--- Your goal ---
Using the listing below, retype exactly the lines starting at the one with "Image: Front view" and ending at the one with "Easily Switch And Shoot Ultra-clear Night", and include both.

--- Provided material ---
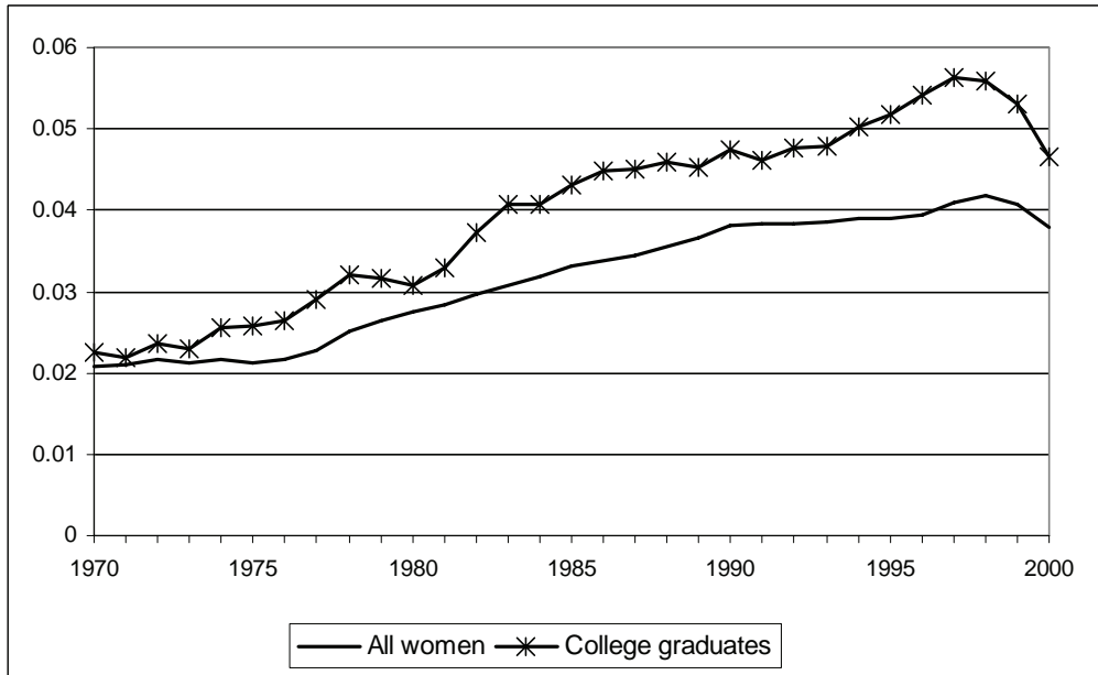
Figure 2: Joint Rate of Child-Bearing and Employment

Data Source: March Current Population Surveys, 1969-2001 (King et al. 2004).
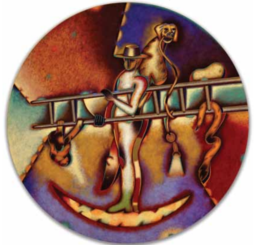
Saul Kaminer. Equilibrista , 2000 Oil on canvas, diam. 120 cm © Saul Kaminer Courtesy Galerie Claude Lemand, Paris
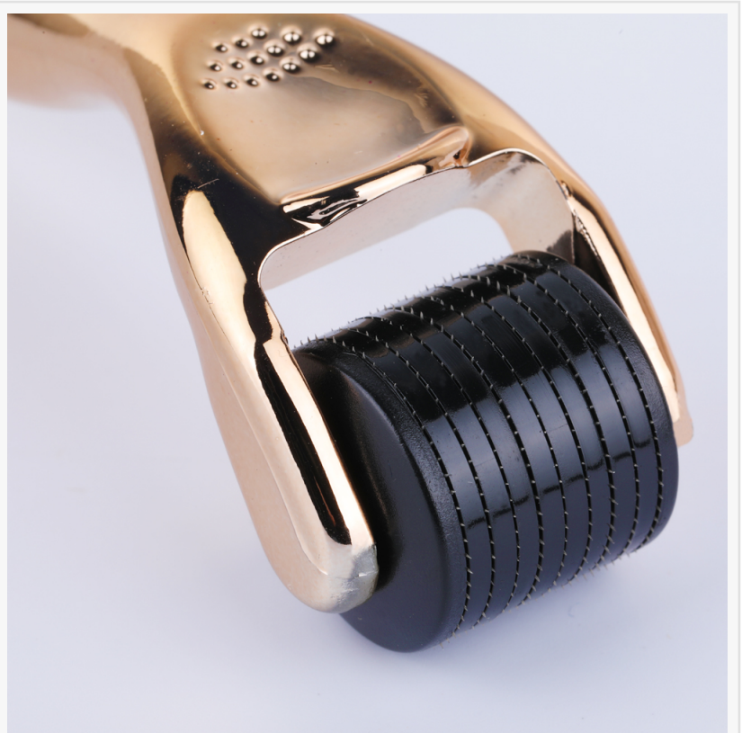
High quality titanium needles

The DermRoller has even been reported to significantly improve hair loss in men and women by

--

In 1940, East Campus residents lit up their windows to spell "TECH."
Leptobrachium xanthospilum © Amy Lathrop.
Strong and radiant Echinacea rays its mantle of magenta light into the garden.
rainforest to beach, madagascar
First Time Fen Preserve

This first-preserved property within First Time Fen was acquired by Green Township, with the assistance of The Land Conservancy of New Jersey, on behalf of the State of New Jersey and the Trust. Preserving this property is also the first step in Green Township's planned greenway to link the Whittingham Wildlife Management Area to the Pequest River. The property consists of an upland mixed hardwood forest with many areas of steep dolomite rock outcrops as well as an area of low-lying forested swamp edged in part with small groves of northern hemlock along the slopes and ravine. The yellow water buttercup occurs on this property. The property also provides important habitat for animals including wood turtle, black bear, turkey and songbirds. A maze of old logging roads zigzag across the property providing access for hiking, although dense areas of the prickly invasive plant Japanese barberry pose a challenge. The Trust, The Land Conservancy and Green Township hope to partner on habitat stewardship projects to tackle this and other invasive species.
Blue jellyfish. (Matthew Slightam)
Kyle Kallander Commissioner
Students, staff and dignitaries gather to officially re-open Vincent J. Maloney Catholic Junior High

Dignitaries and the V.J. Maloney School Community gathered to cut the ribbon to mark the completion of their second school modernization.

...

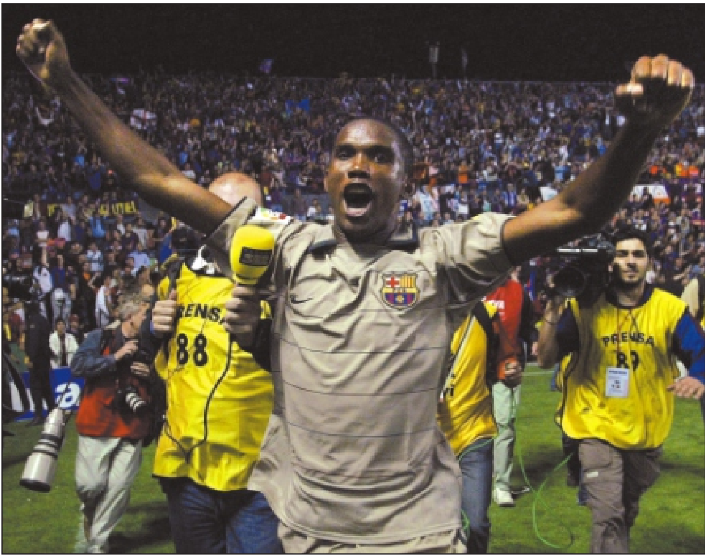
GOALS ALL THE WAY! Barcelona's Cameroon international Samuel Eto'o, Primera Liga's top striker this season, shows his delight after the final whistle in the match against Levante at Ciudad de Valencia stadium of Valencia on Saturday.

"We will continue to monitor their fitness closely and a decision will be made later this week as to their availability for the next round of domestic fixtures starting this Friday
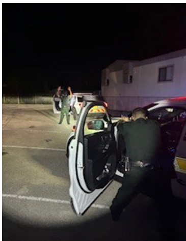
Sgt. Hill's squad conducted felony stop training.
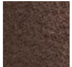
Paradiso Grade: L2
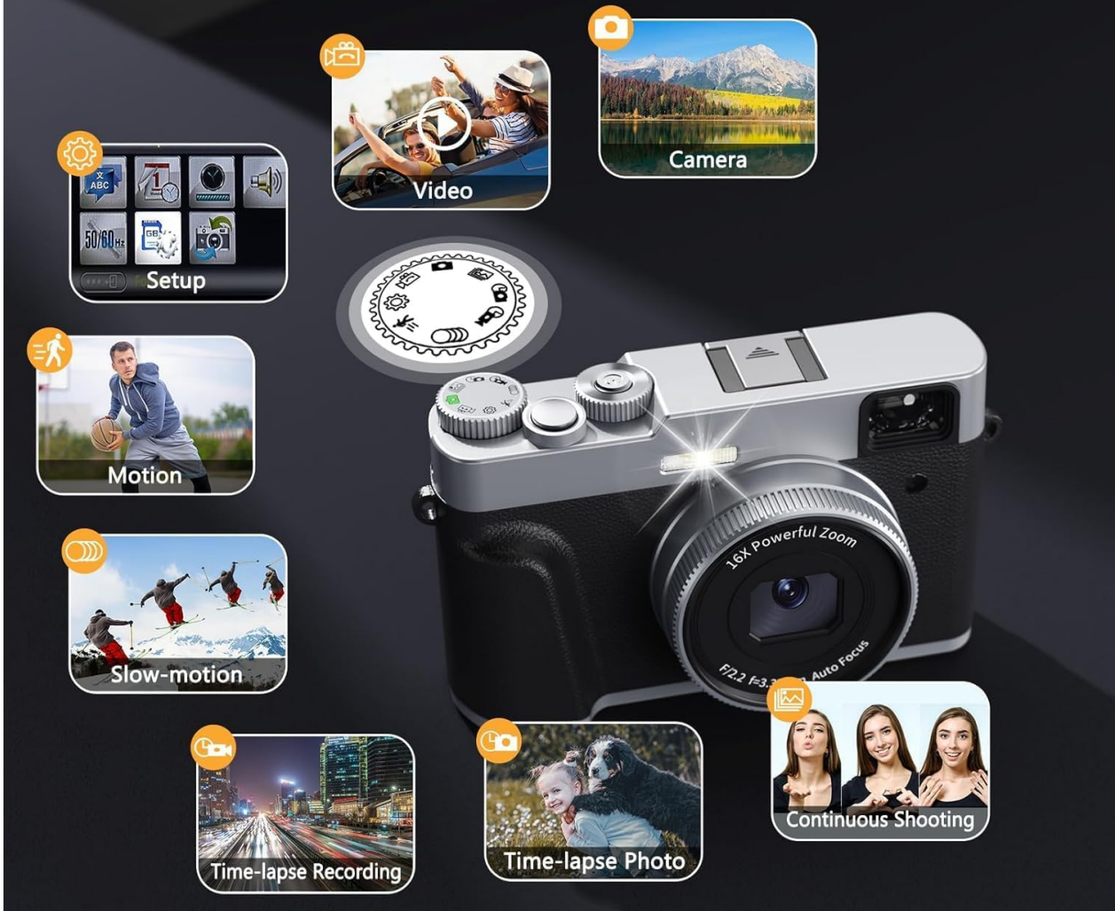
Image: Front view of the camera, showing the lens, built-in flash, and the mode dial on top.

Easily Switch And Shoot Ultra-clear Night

--- Result for this exercise ---
Image: Front view of the camera, showing the lens, built-in flash, and the mode dial on top.

Easily Switch And Shoot Ultra-clear Night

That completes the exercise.